EFFECT OF ALKALINE ACTIVATOR ON STRENGTH OF FLY ASH

BASED GEOPOLYMER CONCRETE

Mohammed Karimul Absar Chowdhury1*, Mohammad Mohibul Hasan1 & Md Moinul Islam2

1Graduate, Department of Civil Engineering, CUET, Chittagong, Bangladesh, 2Professor, Department of Civil Engineering, CUET, Chittagong, Bangladesh,

*Corresponding Author <karimulabsar@gmail.com>

ABSTRACT

The use of the Portland cement in concrete construction has become a global concern due to high

amount of CO2 emission to environment during its production. Geopolymer concrete technology has

become an area of increasing interest as an innovative and alternative cement technology against

environmental pollution. It has the potential to reduce globally the CO2 emission and lead to a

sustainable development of the concrete industry. Geopolymer concrete is an alternative concrete in

which the traditional binder based on cement is replaced by an alkali activated aluminosilicate material.

Fly ash was chosen as the binder material to partially replace the use of OPC. It is activated by the

geopolymerization process of an alkaline solution of NaOH and Na2SiO3. In this study, fly ash was

added as 0%, 20%, 30%, 40%, 50% of the binder with a variable activator content (35% and 40%).

Compressive strength test of the geopolymer concrete has been performed for both air and water curing

for the curing periods of 7, 28, 56, 90 days. The significant influences of the parameters like ratio of

alkali to fly ash, variable contents of fly ash, curing methods and curing periods on strength properties

of geopolymer concrete have been investigated. It is observed that a geopolymer concrete with NaOH

of molarity 15, Na2SiO3/NaOH ratio of 2.0 and alkali to fly ash ratio of 0.40 showed maximum

compressive strength which indicates that there is potential for the concrete industry to utilize alkaline

activated fly ash as an alternative to Portland cement in structural building applications.

Keywords: Activator; Cement; Compressive strength; Fly ash; Geopolymer concrete.

INTRODUCTION

Concrete is one of the widely used manmade construction materials and its consumption is second only

to water. Portland cement is the primary cementitious ingredient in concrete. It is widely known that the

production of Portland cement consumes considerable energy and at the same time contributes a large

volume of CO2 to the atmosphere. However Portland cement is still the main binder in concrete

construction prompting a search for more environmentally friendly materials. The quantity of CO2

produced due to cement manufacturing contributes to about 5% of the total release of CO2 to the

atmosphere (Malhotra, 1999). If an alternate material other than OPC is used in concrete, the

corresponding CO2 release to the atmosphere can be reduced. In Bangladesh, one of the major sources

of material for power generation is coal and it’s by product fly ash is an environmental threat to the

public, if not disposed off properly. Deposition of the fly ash in storage places can have a negative

influence on water and soil because of its granulose and mineral composition along with morphology

and filtration properties. Therefore the safe disposal of fly ash is still a major concern.
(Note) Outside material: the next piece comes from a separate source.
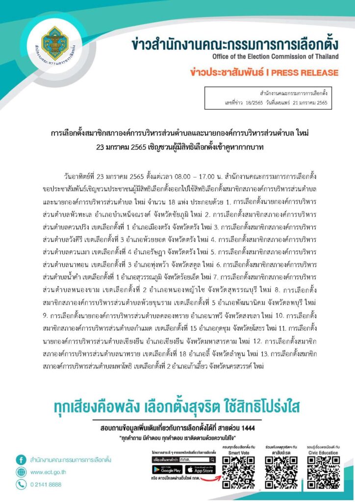 กกต. วันนี้ (21 ม.ค.) สำนักงาน กกต.เชิญชวนประชาชนผู้มีสิทธิเลือกตั้งออกไปใช้สิทธิเลือกตั้งนายกและสมาชิกสภาองค์การบริหารส่วนตำบลใหม่ จำนวน 18 แห่ง ในวันอาทิตย์ที่ 23 มกราคมนี้ ตั้งแต่เวลา 08.00-17.00 น. โดยทั้ง 18 แห่งประกอบด้วย การเลือกตั้งนายก อบต.หัวทะเล อ.บำเหน็จณรงค์ จ.ชัยภูมิ การเลือกตั้งสมาชิกสภา อบต.ควนปริง เขตเลือกตั้งที่ 1 อ.เมืองตรัง จ.ตรัง การเลือกตั้งสมาชิกสภา อบต.วังคีรี เขตเลือกตั้งที่ 3 อ.ห้วยยอด จ.ตรัง ใหม่ การเลือกตั้งสมาชิกสภาอบต.ควนเมา เขตเลือกตั้งที่ 4 อ.รัษฎา จ.ตรัง การเลือกตั้งสมาชิกสภาอบต.นาทอน เขตเลือกตั้งที่ 3 อ.ทุ่งหว้า จ.สตูล การเลือกตั้งสมาชิกสภาอบต.น้ำคำ เขตเลือกตั้งที่ 1 อ.สุวรรณภูมิ จ.ร้อยเอ็ด การเลือกตั้งสมาชิกสภาอบต.หนองขาม เขตเลือกตั้งที่ 2 อ.หนองหญ้าไซ จ.สุพรรณบุรี การเลือกตั้งสมาชิกสภาอบต.ห้วยขุนราม เขตเลือกตั้งที่ 5 อ.พัฒนานิคม จ.ลพบุรี การเลือกตั้งนายกอบต.คลองทราย อ.นาทวี จ.สงขลา

There are various methods to reduce the consumption of cement in concrete, like the partial

replacement of cement with cementitious materials, however a complete replacement is always

preferable. Geopolymer concrete is one such building material, wherein it is formed by the process of

alkali activation of alumino-silicate materials. The most commonly available alumino-silicate material

is fly ash. So, the use of geopolymer concrete with fly ash as alumino-silicate material not only helps to

reduce the release of CO2 emission, but also effectively disposes off fly ash, an industrial waste

produced in large quantities. Fly ash in itself does not possess the binding properties. However in the

presence of water as well as in ambient temperature, fly ash reacts with the calcium hydroxide during

the hydration process of OPC to form the calcium silicate hydrate (C-S-H) gel. This pozzolanic action

happens when fly ash is added to OPC as a partial replacement or as an admixture. The silicon and the

1st International Conference on Research and Innovation in Civil Engineering (ICRICE 2018), 12 –13 January, 2018, Southern University Bangladesh (SUB), Chittagong, Bangladesh ISBN: 978-984-34-3576-7

aluminium in fly ash react with an alkaline liquid that is a combination of sodium silicate and sodium

hydroxide solutions to form the geopolymer paste that binds the aggregates and other un-reacted

materials. The chemical reaction and the rate of strength development of geopolymer concrete are

influenced by several factors based on chemical compositions of the source materials, alkaline

activators and curing condition.

The aim of the research is to evaluate the performance and suitability of fly ash based geopolymer as an

alternative to the use of ordinary Portland cement (OPC) in the production of concrete. As far as

possible, the technology and the equipment currently used to manufacture OPC concrete were used to

make the geopolymer concrete. The effect of salient parameters like variable contents of fly ash along

with alkaline activator on variable curing periods that affects the properties of geopolymer concrete has

been identified in this study.

METHODOLOGY

Materials:

Fly ash was obtained from Premier Cement Mills limited, Chittagong, Bangladesh. The chemical

composition of fly ash as provided by the supplier is presented in the Table 1. In this experiment 0%,

20%, 30%, 40%, 50% of fly ashes are used as partial replacement of binder. These variable contents of

fly ash cause the variations of compressive strength in these different mixtures of concrete.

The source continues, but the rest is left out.